THE GREENS/EFA IN THE EUROPEAN PARLIAMENT
PRESS RELEASE - Strasbourg, 12 March 2003
The Greens/EFA Group today voted against a Resolution in the European Parliament on the further liberalisation of international trade in services (the WTO GATS Agreement), citing as unsatisfactory the lack of transparency and inability of parliament to undertake any meaningful scrutiny of the negotiations.
Speaking after the vote Caroline Lucas MEP (UK), the Group's co-ordinator on trade issues, said:
"Mainly at our insistence, the Resolution does contain some critical advice to Trade Commissioner Lamy on the conduct of the GATS negotiations, but we decided that it also left too many questions unanswered for us to be able to support it. The impact of more liberalisation, especially in the public service sector, has ignited an intense public debate and in our view the most appropriate course of action would be to suspend negotiations at the WTO until some fundamental problems have been resolved. These include establishing clearly the rights of national and local governments to continue to make social and environmental regulations without this policy-making being put into question by GATS".
Caroline Lucas also called for " measures to permit developing countries
to maintain control over their public sector services and natural resources"
and added " the failure of the WTO to undertake impact assessment studies
of further liberalisation in service sectors, which is required by GATS but
mysteriously remains off the agenda, is something that should happen before,
and not after, the next round of negotiations."
Claude Turmes MEP (Lux) singled out the issue of water privatisation as an example
of the consequences of unthinking liberalisation.

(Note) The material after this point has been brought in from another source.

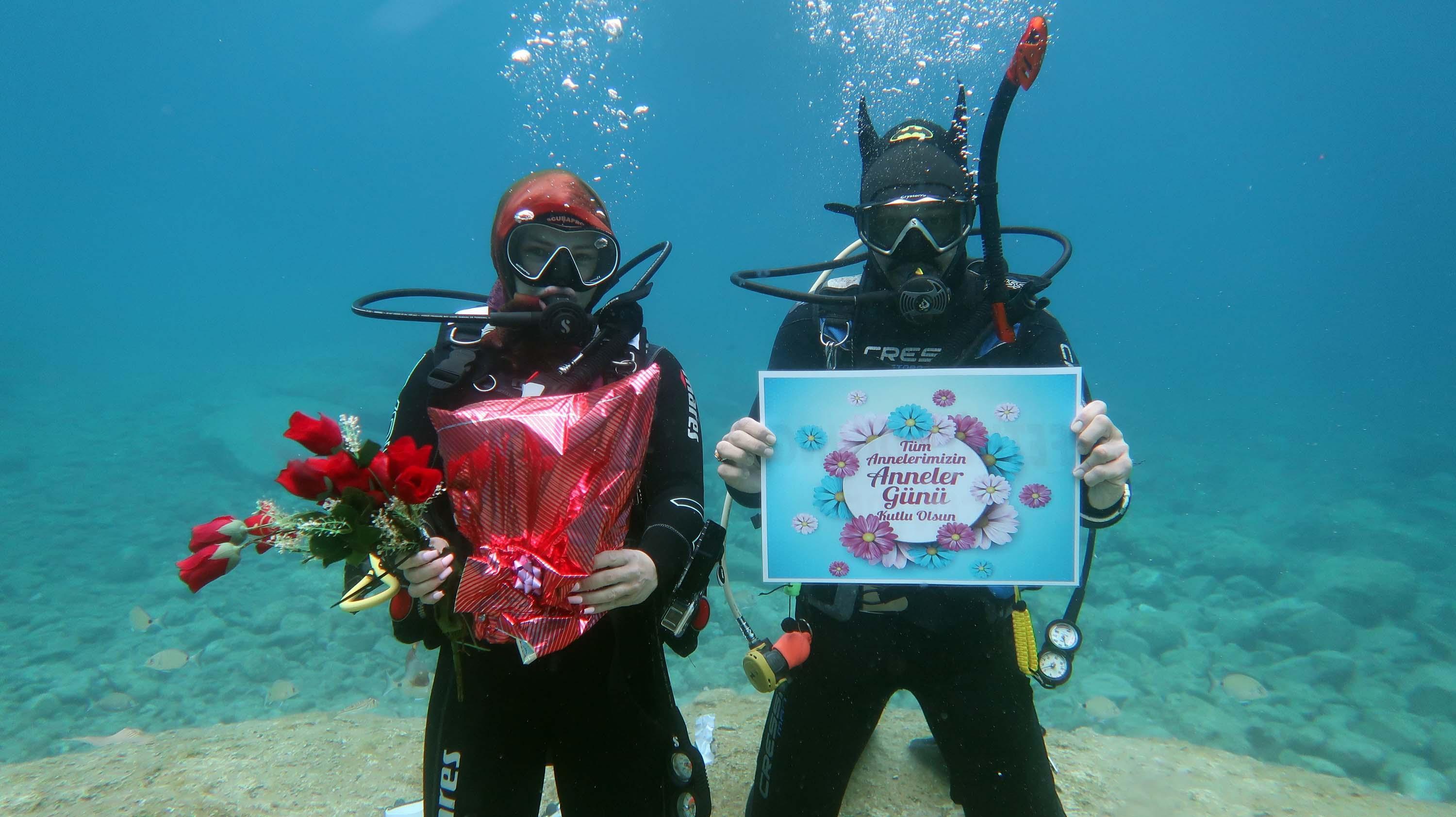 Fethiye'de dalgıçlardan 5 metre derinlikte 'Anneler Günü' mesajı

"The logic of the EU's internal market allied to the momentum of GATS means that the collection, treatment and distribution of water is at risk of fast becoming a private business both inside and outside the EU. We believe that these services should remain as public utilities and not become the subject of private monopolies. Where these liberalisation policies have been imposed on developing countries by the IMF and World Bank, the results have been vastly increased prices and a corresponding reduction in people's ability to pay. The Millennium goal to halve the number of people lacking access to safe drinking water and proper sanitation will not be achieved by selling off the water resources to the highest bidder."